• [TASK DESCRIPTION]:
Restate, exactly and without pictures, the lines from the start of the listing below through the line holding "9.下入韭菜一起翻炒,加配料調(diào)味。".

• [SUPPLIED DATA]:
——————————

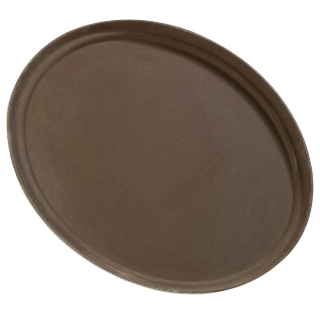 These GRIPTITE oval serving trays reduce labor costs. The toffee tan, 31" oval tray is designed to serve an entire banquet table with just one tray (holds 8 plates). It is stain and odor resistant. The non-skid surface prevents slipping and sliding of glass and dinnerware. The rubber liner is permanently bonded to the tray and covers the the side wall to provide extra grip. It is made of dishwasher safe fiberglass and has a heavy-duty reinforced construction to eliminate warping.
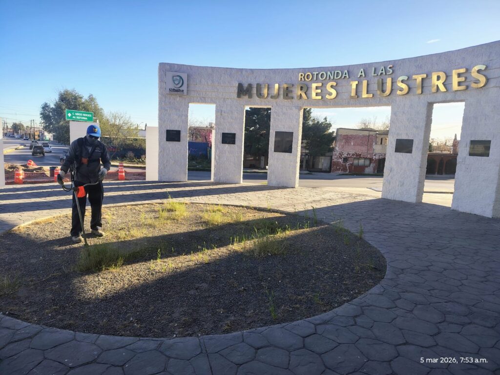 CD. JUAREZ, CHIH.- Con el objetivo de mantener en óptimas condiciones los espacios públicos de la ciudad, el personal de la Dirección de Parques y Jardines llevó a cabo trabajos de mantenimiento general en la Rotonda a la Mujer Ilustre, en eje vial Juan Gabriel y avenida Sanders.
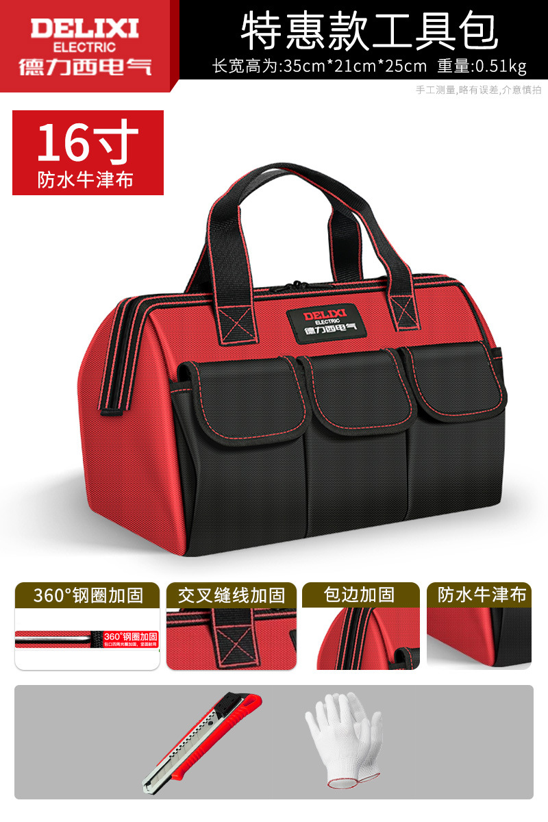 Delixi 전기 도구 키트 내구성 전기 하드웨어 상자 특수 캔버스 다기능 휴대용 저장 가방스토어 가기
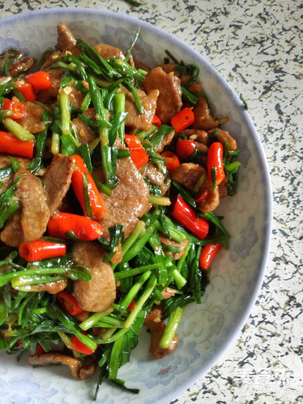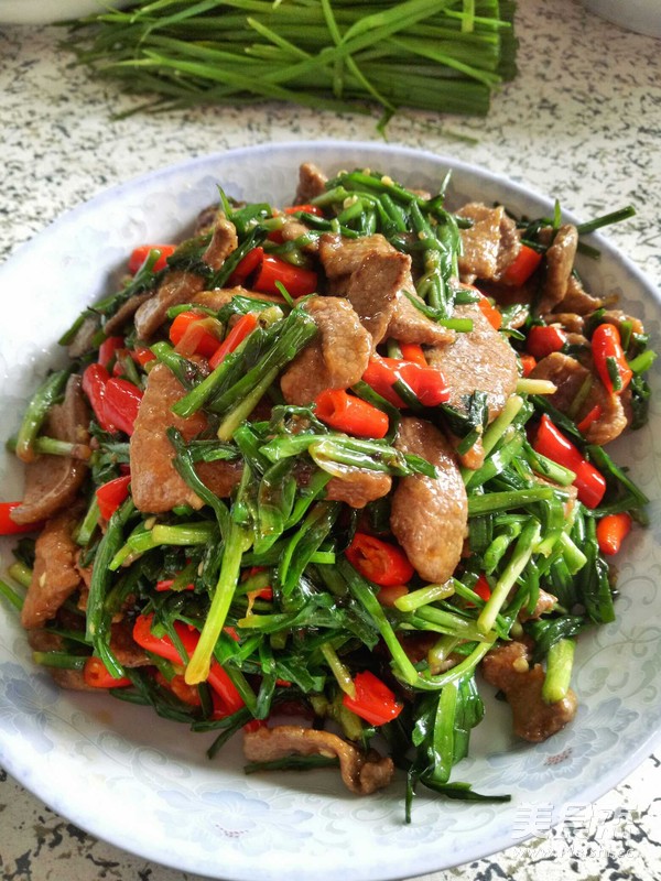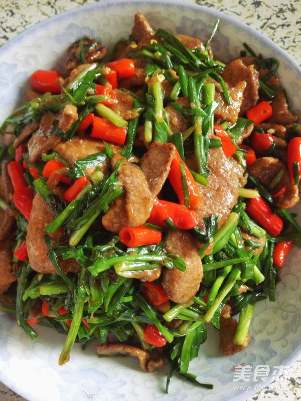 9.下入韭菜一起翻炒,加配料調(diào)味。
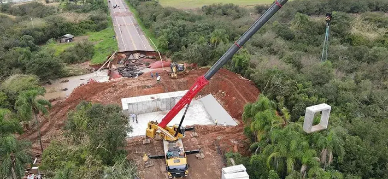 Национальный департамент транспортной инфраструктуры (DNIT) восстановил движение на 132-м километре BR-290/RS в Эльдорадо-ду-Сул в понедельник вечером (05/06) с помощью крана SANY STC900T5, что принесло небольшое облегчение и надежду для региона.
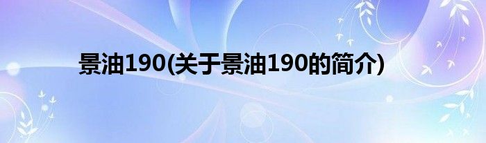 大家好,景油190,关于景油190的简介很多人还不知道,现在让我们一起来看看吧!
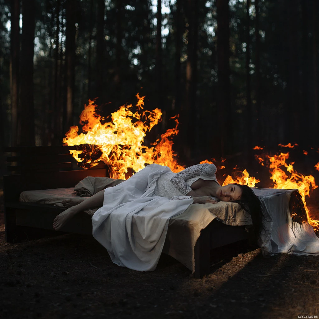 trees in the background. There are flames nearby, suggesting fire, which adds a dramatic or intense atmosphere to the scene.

——————————

• [WRITTEN RESPONSE]:
 These GRIPTITE oval serving trays reduce labor costs. The toffee tan, 31" oval tray is designed to serve an entire banquet table with just one tray (holds 8 plates). It is stain and odor resistant. The non-skid surface prevents slipping and sliding of glass and dinnerware. The rubber liner is permanently bonded to the tray and covers the the side wall to provide extra grip. It is made of dishwasher safe fiberglass and has a heavy-duty reinforced construction to eliminate warping.
 CD. JUAREZ, CHIH.- Con el objetivo de mantener en óptimas condiciones los espacios públicos de la ciudad, el personal de la Dirección de Parques y Jardines llevó a cabo trabajos de mantenimiento general en la Rotonda a la Mujer Ilustre, en eje vial Juan Gabriel y avenida Sanders.
 Delixi 전기 도구 키트 내구성 전기 하드웨어 상자 특수 캔버스 다기능 휴대용 저장 가방스토어 가기
 9.下入韭菜一起翻炒,加配料調(diào)味。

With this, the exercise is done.